### [Assignment]
Copy everything in the listing below word for word, apart from any images.
** Information supplied follows **
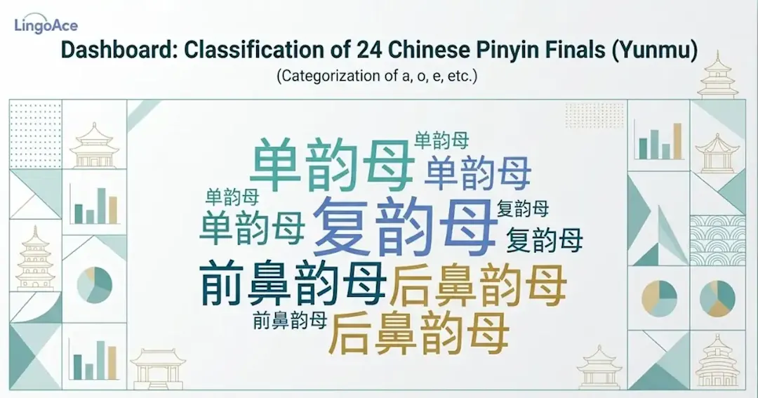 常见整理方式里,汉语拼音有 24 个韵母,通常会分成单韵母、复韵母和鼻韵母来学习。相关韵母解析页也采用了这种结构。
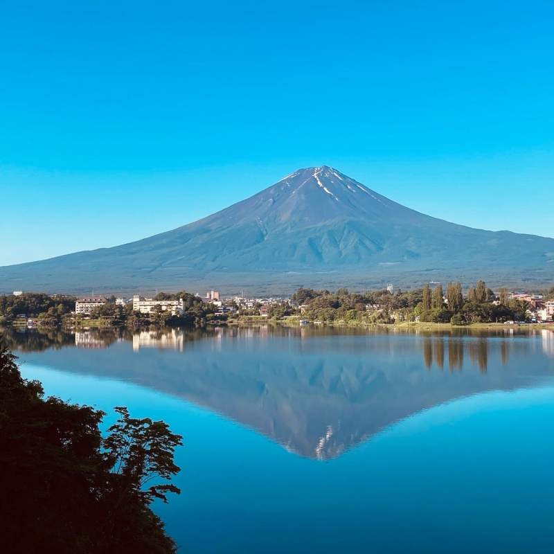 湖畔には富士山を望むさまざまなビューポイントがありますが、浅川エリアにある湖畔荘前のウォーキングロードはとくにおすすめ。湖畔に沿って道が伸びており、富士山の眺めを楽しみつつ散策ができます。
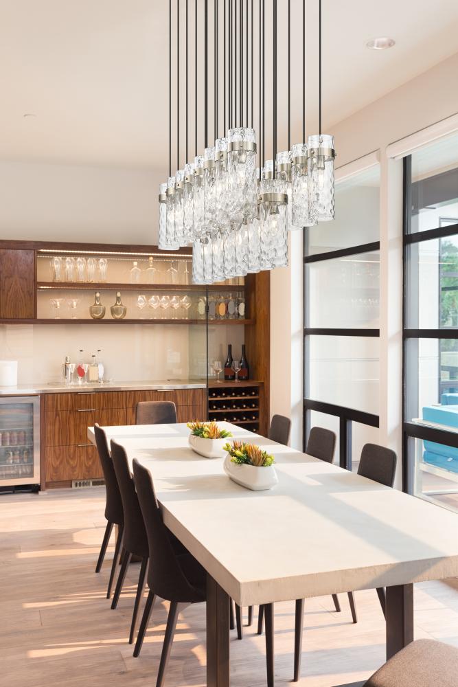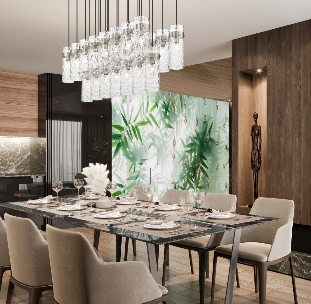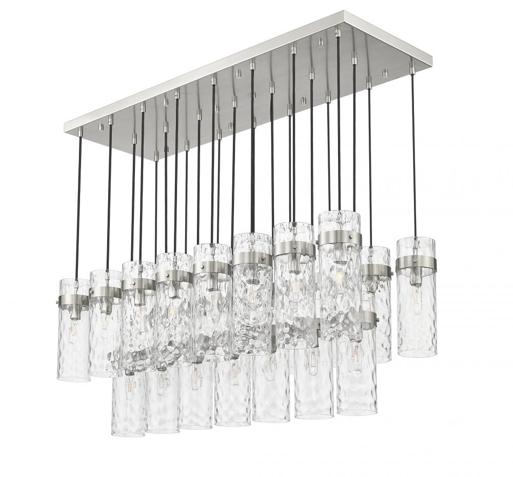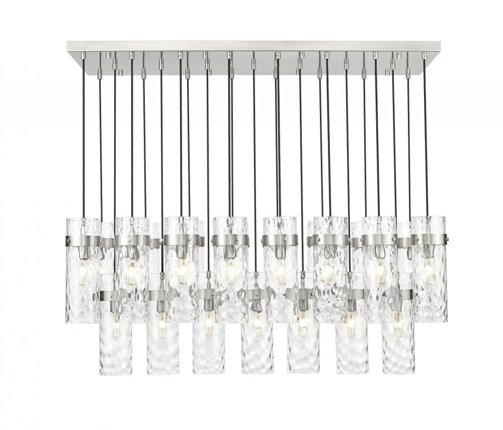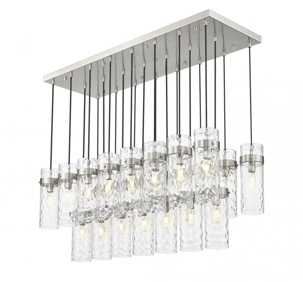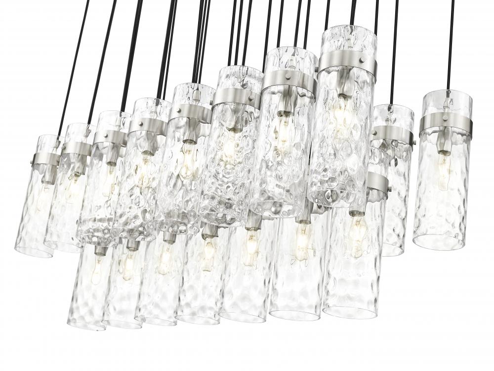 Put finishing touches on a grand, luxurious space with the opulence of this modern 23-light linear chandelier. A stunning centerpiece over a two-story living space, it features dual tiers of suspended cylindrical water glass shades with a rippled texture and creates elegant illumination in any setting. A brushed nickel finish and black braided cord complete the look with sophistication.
** End of Information supplied **
### [Answer for this exercise]
 常见整理方式里,汉语拼音有 24 个韵母,通常会分成单韵母、复韵母和鼻韵母来学习。相关韵母解析页也采用了这种结构。
 湖畔には富士山を望むさまざまなビューポイントがありますが、浅川エリアにある湖畔荘前のウォーキングロードはとくにおすすめ。湖畔に沿って道が伸びており、富士山の眺めを楽しみつつ散策ができます。
 Put finishing touches on a grand, luxurious space with the opulence of this modern 23-light linear chandelier. A stunning centerpiece over a two-story living space, it features dual tiers of suspended cylindrical water glass shades with a rippled texture and creates elegant illumination in any setting. A brushed nickel finish and black braided cord complete the look with sophistication.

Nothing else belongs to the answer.